Turning this around on ML systems is just disingenuous, because there is no single notion of “explainable” — it’s some arbitrary political standard that applies selectively based on who can argue to be in control of what.
These sorts of problems are mostly difficult precisely because we don't know the risk/reward tradeoff.
For example, in the prison system you need to evaluate the risk of recidivism. How exactly do you evaluate the tradeoff between releasing someone who is potentially violent vs. keeping someone potentially reformed behind bars? You'd need to weigh the dollar value of keeping them imprisoned and the personal harm to them and the rest of the prison population when they're imprisoned against the potential harm to anyone else if they're released... plus many other factors that I'm sure I've overlooked.
Anyone who tries to bake those tradeoffs into a "rational Bayesian agent model" will fail.
You're trying to describe the world in terms of game theory, but we live in a world where we usually don't know the risks, or the payoffs, or the rules of the game.
If you don’t know this trade-off, then you don’t have a decision problem.

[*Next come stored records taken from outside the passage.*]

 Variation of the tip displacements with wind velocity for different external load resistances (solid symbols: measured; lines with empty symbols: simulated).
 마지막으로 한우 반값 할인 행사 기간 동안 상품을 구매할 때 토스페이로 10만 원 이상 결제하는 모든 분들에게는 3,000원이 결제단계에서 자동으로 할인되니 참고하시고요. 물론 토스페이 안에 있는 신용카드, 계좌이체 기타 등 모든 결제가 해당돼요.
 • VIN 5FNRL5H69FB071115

Basically what you’re saying here doesn’t add up at all. Issues where an ML model is used but people want more “explainability” are places where we absolutely do know the risk / reward characteristics, and we’re specifically trying to measure more of the relationship between the internals of the decision process and those components of the risk / reward characteristics (for purposes of political arguments over who controls the process, dressed up as if they are scientific inquiry instead of politics).
If you did not even know what objective you are pursuing at all, you would not be using an ML model, and likely could not even identify what type of decision process you even need yet.

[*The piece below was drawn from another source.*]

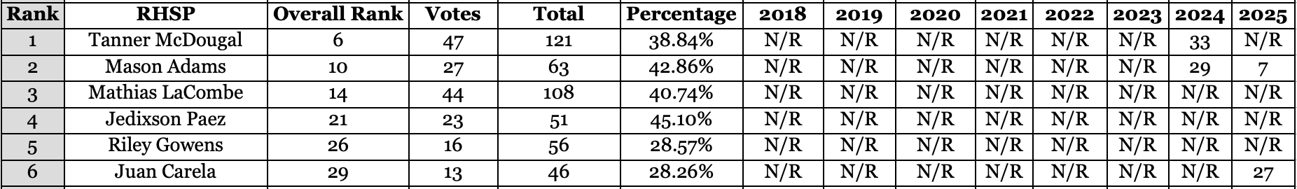 Here is how 2018 wrangled out — all 42 picks. Also, here is an archive of every article in the 2018 series.Here is how 2019 came together, all 50 picks, and the archive as well.Now 2020, with the archive.Here is the 2021 wrap-up of just 35 picks due to flagging participation, along with the full archive.Here is the 2022 link to the 27-pick wrap, along with the full archive.Round 24 of voting was the last of 2023 (we did not do an actual wrap for the voting, but Jordan Sprinkle ended up being our final pick), and the full archive.In 2024 Abraham Núñez was our 34th pick to end the series, and here is the wrap-up post and full archive of each profile.And last year, we did 31 picks, ending with Eric Adler. Here is the wrap and full stream, of every article.

Let me clarify what I mean.
In the cases I've worked with professionally (finance, autonomous driving), no-one gives you a reward function. You have a rough idea of the outcome you want, and you fiddle around with reward functions until your algirithm kinda-sorta delivers the outcomes you knew you wanted in the first place.
In this sense, the OP gets it precisely backwards. OP wants some sort of hyper-rational Bayesian model that optimises outcomes based on the one true loss function.
There is no correct reward function, and objective functions in general tend to be far too simple to capture the nuance one encounters in the real world.
> If you did not even know what objective you are pursuing at all, you would not be using an ML model...
It's not that you don't know at all, but you should be very clear that your objective is a fudge that probably doesn't capture what you really want. Maths is clean: the real world is messy.
So who's held responsible in this case? "Nobody" will not be an acceptable answer forever.
My overall point is that “explainability” is inherently subjective & situation-specific and whether a decision process “is explainable” has virtually nothing to do with the concept substrate it is made out of (e.g. “machine learning models” or “military chain of command” or “company policy” or “legal precedent” and so on...).
It’s about who successfully argues for control, nothing more.
Autonomy or explainability is often a red herring. Look at who gives the orders. It is unlikely to ever be the programmer, even if they made a grave mistake. We have a history for that with smart rocket systems.